I have one quick follow-up. Recently, you introduced your HL 1500, the market's first portable hydrogen refueler. I wanted to follow up on it. How are the conversations with potential customers going with that product, do you see that product making an impact to your top line in '24 and '25.
I'm going to hand that one over to Sanjay also.
So we're actually sold out with that product for this year, so that's how the demand is. We have transit companies that are super interested in it. We actually have -- that even opens up some of the traditional existing market for us even on a smaller size, because of that mobile refueler. It actually has a lot of application for fuel cell electric vehicle companies that are looking to launch Class 7 and Class 8 trucks before the whole infrastructure gets built out, right? So we're completely sold out. It's a very good margin business for us as well within our cryogenic business. You will see a big impact in Q4 of this year with that revenue. We see substantial growth coming out of that business, both in 2024 as well as 2025. And this product already has a gross margin that is within our corporate target that we have articulated in the past.

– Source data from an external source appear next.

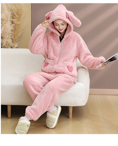 珊瑚绒睡衣女秋冬季加绒加厚网红风新款爱心口袋法兰绒家居服套装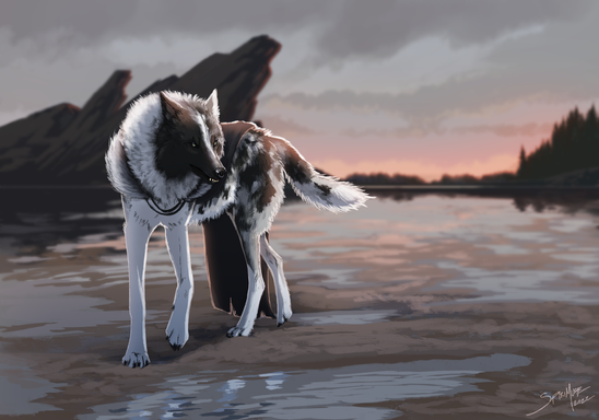 I love the perspective on this piece. I also love your detail in the water, fur, and that perfect halo.
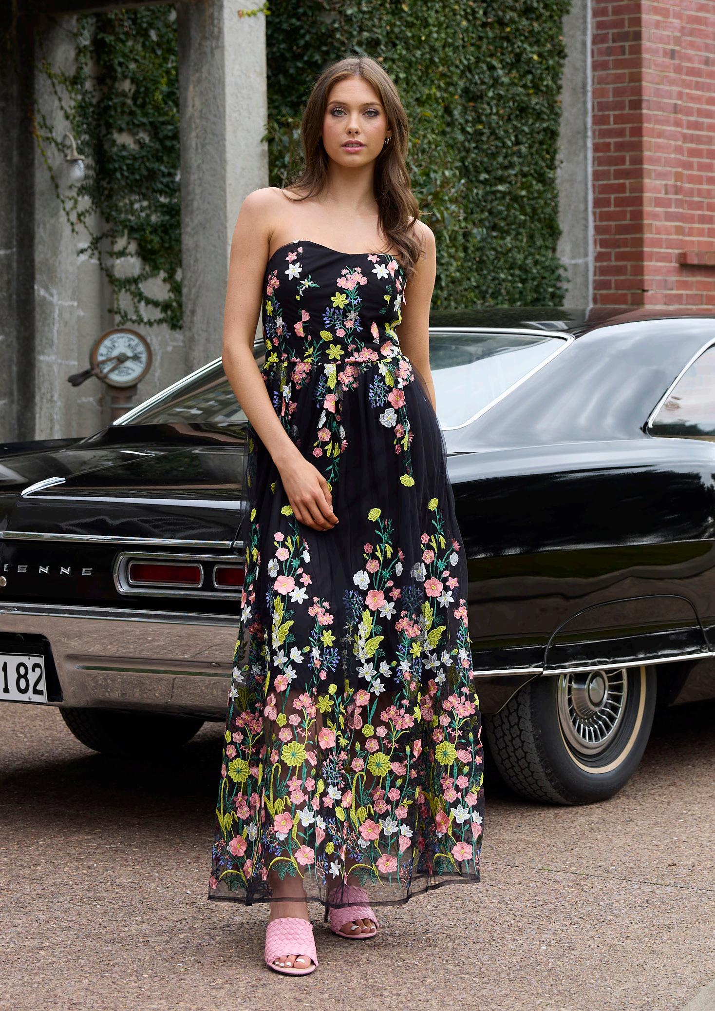 Cammie Strapless Dress Embroidered Lace Black $299.99

I would just add, Sanjay, it is so critical to transition, because if you're thinking about going with five or six buses to start or you're trying to think about using four or five vehicles, this is a tailor made product to really support the development of the industry, and it is really a unique offering.

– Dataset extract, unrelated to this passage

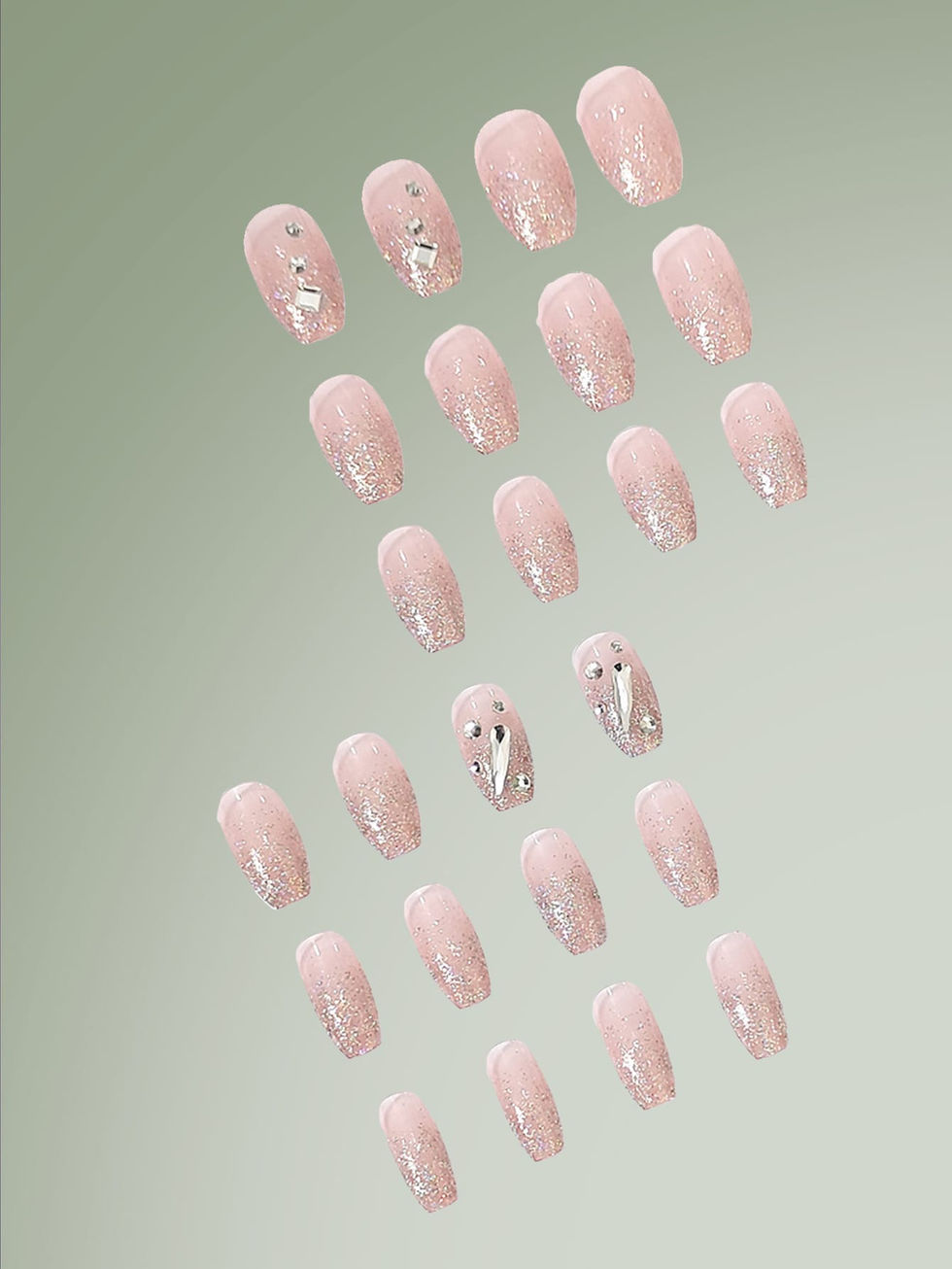 ROMWE Fairycore 24 peças Comprido Caixão Decoração de strass Unha Falsa & 1 fol

Our next question comes from Colin Rusch with Oppenheimer.
As you guys look at some of the challenges in and around interconnection for renewables and some of the larger power systems. Can you talk a little bit about you're seeing in terms of incremental project development demand on the stationary power side, but also how folks are thinking about potentially diverting some of that power into hydrogen to avoid some of the interconnection challenges?

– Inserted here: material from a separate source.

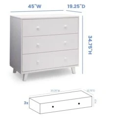 Delta Children Ava 3 Drawer Dresser With Changing Top, Greenguard Gold Certified, White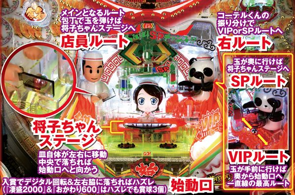 始動口に向かうまでには様々なルートがあり、メインとなるのが左の店員ルートで、店員の包丁に弾かれればチャンス。また高確率で始動口に導く右ルートは、連続入賞した玉が行きやすい傾向に。つまり玉を打ち続けることが、最大の攻略となりそうだ。

So Jose, who's not with us today is -- we are seeing substantial demand and activities associated with especially powering EV vehicles for folks who want fleets for delivery vans, people want buses, which are electric vehicles where the availability of the grid just is not there. We have orders that we could ship up to 17 megawatts this year. Next year, our internal forecast show 50 to 75 megawatts. I think everywhere we go that is a challenge and that the stationary product really helps people overcome that challenge. I really like that market, because it's really, to me, like the work we're doing with SK for Hyverse, it's really to us the future peaker plant that we're getting all this learning, developing these products, which eventually will replace gas turbines and we’ll sit side by side with solar and wind generating hydrogen during the off when the wind is blowing, using the stationery to back up wind and solar farms as well as ultimately how nuclear rolls out, there's really a close correlation for peakers. We think it's the perfect product. I always like to say to our team, this is generation number two at the moment, and it's quite a product. I expect that this will go through learning curve after learning curve and there will be generation after generation. But that demand is real and that is a real headache to the development of EVs, it's a real head -- which we think is important for climate change but it is a real, real problem. It's also this connection issue is why the debate going on with additionality really doesn't make any sense to us, and that it is something that we know that the White House and others know, it is a huge problem. When you sit with center Manchin, we talk a lot about interconnect and permitting and what it means for electric vehicles, as well as what it means for how you meet the 2050 US climate goals.
And then as you guys continue to scale and look at shorter time frames on some of these projects, can you talk a little bit about the evolution of your supply chain and their willingness to invest in incremental capacity to support your growth?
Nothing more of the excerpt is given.